How should I describe this exhaustion? Like a gold mine? Dry of gold, Like a lake? Not a single drop of water, Or a mobile phone, Clinging to the red one percent, Or perhaps, A dying body, Trying to draw a breath, The last breath, Clinging strong at the neck, Without a release.
As I close my eyes, It was dark, Yet, It swirls, It sways, It throbs, Like the tall grass, Dancing in the heaviest storm, And the powerful tornado, While the earth splits, The tall grass stays, Down but not defeated, Still deeply rooted in the soil, Surviving all the violent rush, But for me, I swirl, sway, and throb, Because I was dizzy.
I saw him today, Sitting alone, Trying his best, To spend his jolly time, As time passes, I saw a void, Rooted in his heart, Sprawling and covering him, He still smiles and laughs, He tried to juggle, Manage every expectation, Until the void exploded, Consuming him, Exhausting him, Crushing him, Irrationality claimed him,
How far has this soul traveled?
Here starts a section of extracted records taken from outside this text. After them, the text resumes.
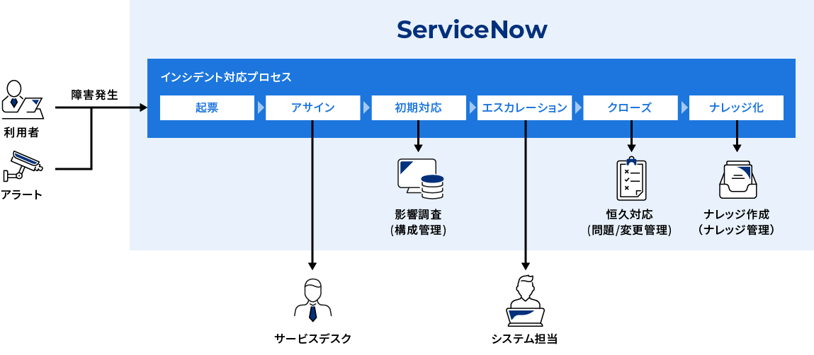ServiceNowを導入することで、インシデント対応プロセスの省力化とナレッジ活用による効率化が実現できます。
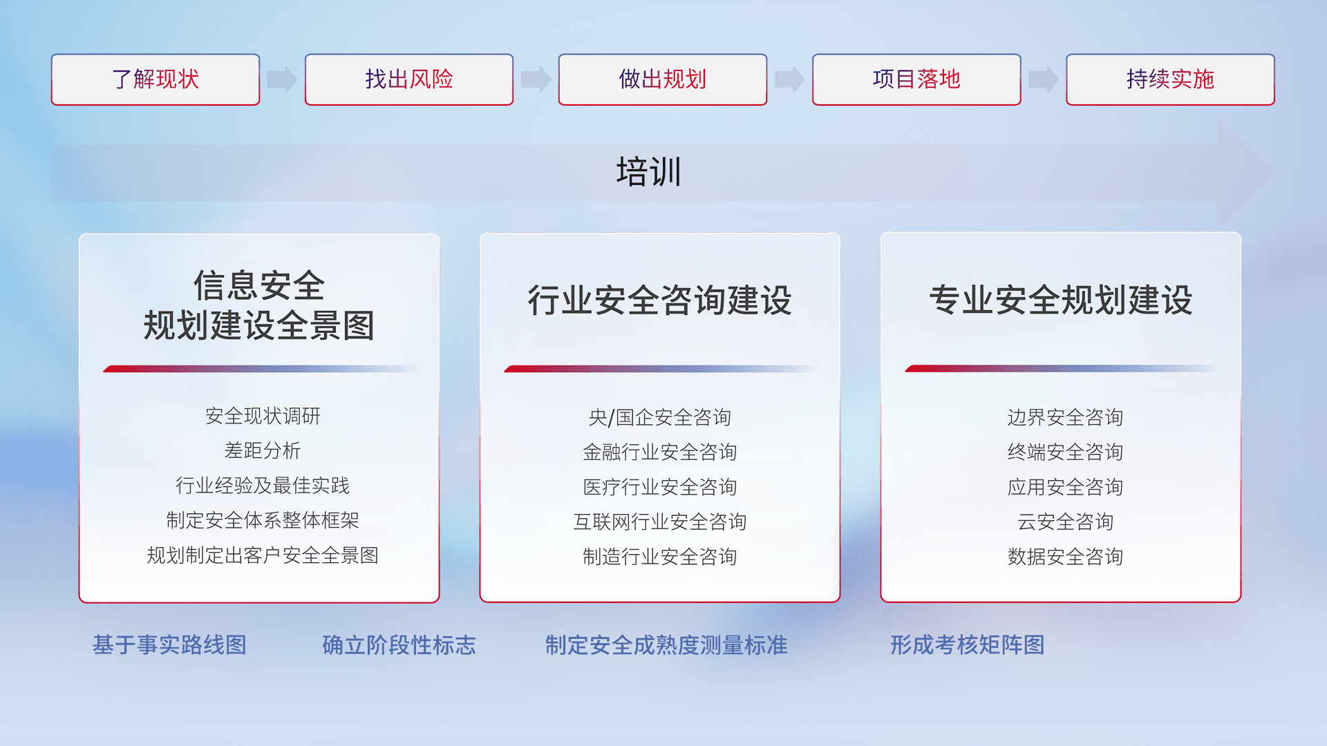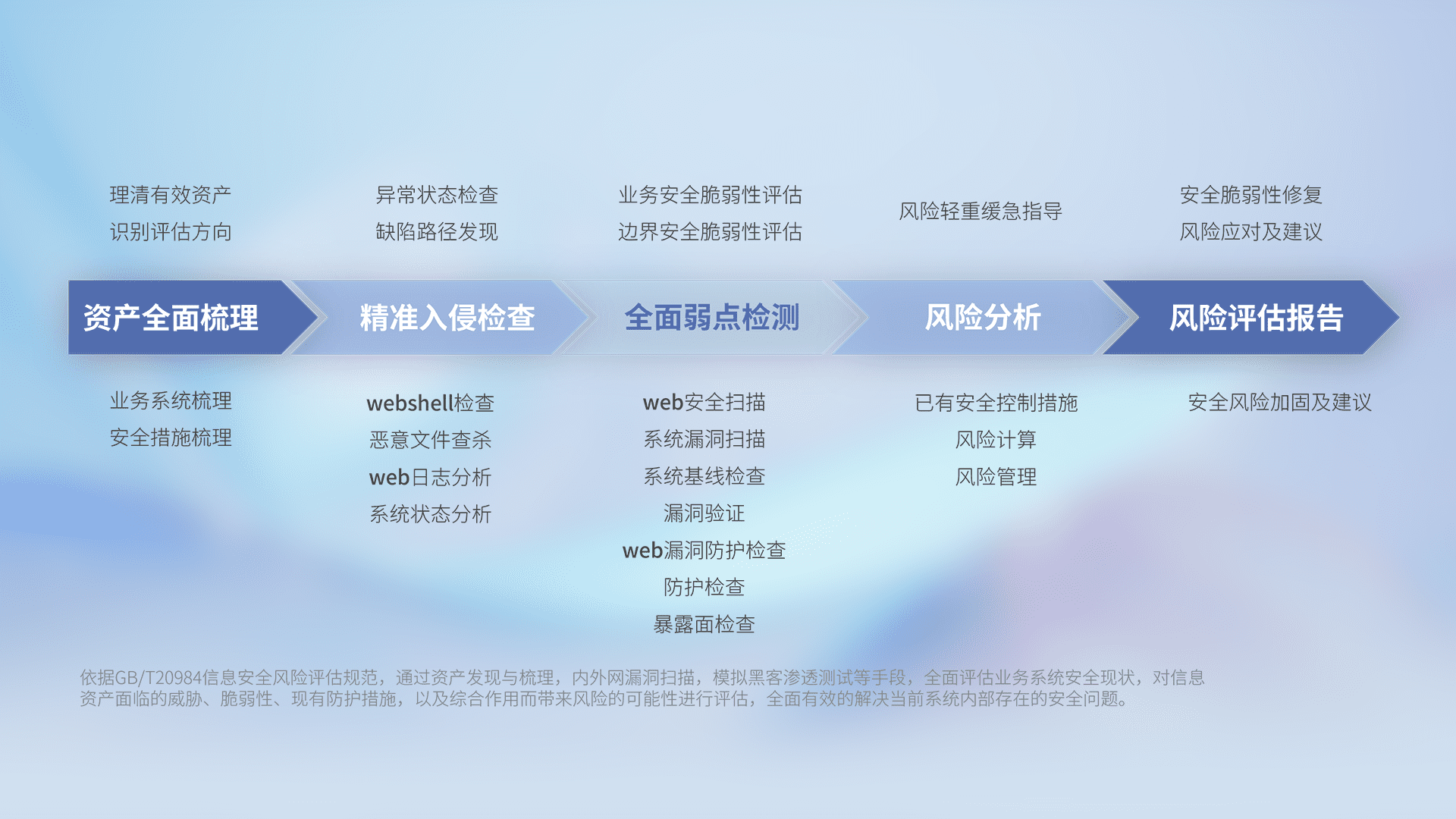 针对客户行业特性,,,以专业的安全服务+多厂商联合解决方案提供专属的一站式安全管理服务,,,帮助客户全面感知网络空间威胁,,,,基于识别、、检测、、、、分析、、、、防护、、、、监测、、、响应的服务理论模型,,,,从方案咨询、、集成交付、、、、评估验证、、、、优化加固、、运维运营,,,致力于为客户提供完整的闭环管理式安全服务。。。。以实战经验为客户打造高抵御风险的安全体系,,帮助客户发现威胁、、对抗威胁、、、、处置威胁,,,不断积累安全对抗能力,,持续保障数字化安全。。。。
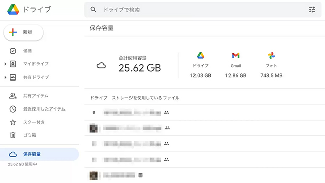 Google ドライブを開き、左枠の下部にある「保存容量」で使用状況が確認できます。「保存容量」をクリックすると保存されているファイルやシートが表示されます。
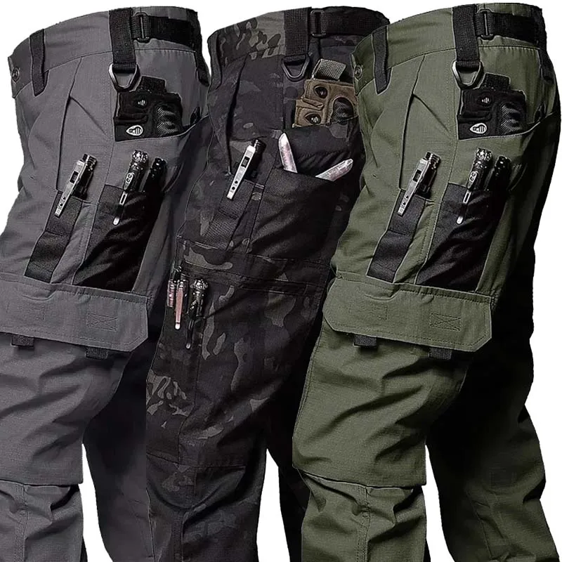 Pantalones tácticos para hombre, pantalones de caza de carga impermeables para exteriores, ropa de trabajo, pantalones de entrenamiento informales con múltiples bolsillos y resistentes al desgaste

The stretch of great distance, The stillness of passing time, The weather of heavy emotions, The fragility of encounters, And still this soul, struggles, And still, this soul tries, And still this soul, Have to suffer, From all this pain, Slithering throughout the soul’s existence.
Yes, I know. I do write depressive poems. I believe it is simply because that is how I mostly feel all day. Some thoughts can be really intrusive. I rather pen the thoughts down than have to wrestle with them inside my head. It can be tiring and numbing as well.
What is a writer or a poet if they are not true to their feelings?
I recently went to a poetry exhibition called A Wasteland Of Malaysian Poetry. It is an audio exhibition of Malaysian poets across years and generations. They also have poetry reading sessions as well. Do you want to know how I feel when I listened to them? I feel disconnected. When they spoke about falling in love, having bad dates, and being heartbroken. I feel totally disconnected. Don’t get me wrong. Everyone has the right to express how they feel. Nothing wrong with them. More like, there is something wrong with me.
I am a heart that no longer beats, Cold and pale like death, Daydreaming to be the red, Living and beating heart.
I did write about other things and some of them are not depressing. Sometimes. And if anyone gives me a prompt like love or happiness, I can write them down. I might drown myself the whole day listening to old-school love songs. Just to invoke the once-happy memories or the leftover of it I still have. Even so, the thoughts and walking down the feeling might sound superficial to me.
Don’t worry about me. I’m used to this kind of thoughts and feeling. I’m probably used to this somberness. There are times I have so many thoughts yet little words to say. Maybe, it’s better to say nothing at all.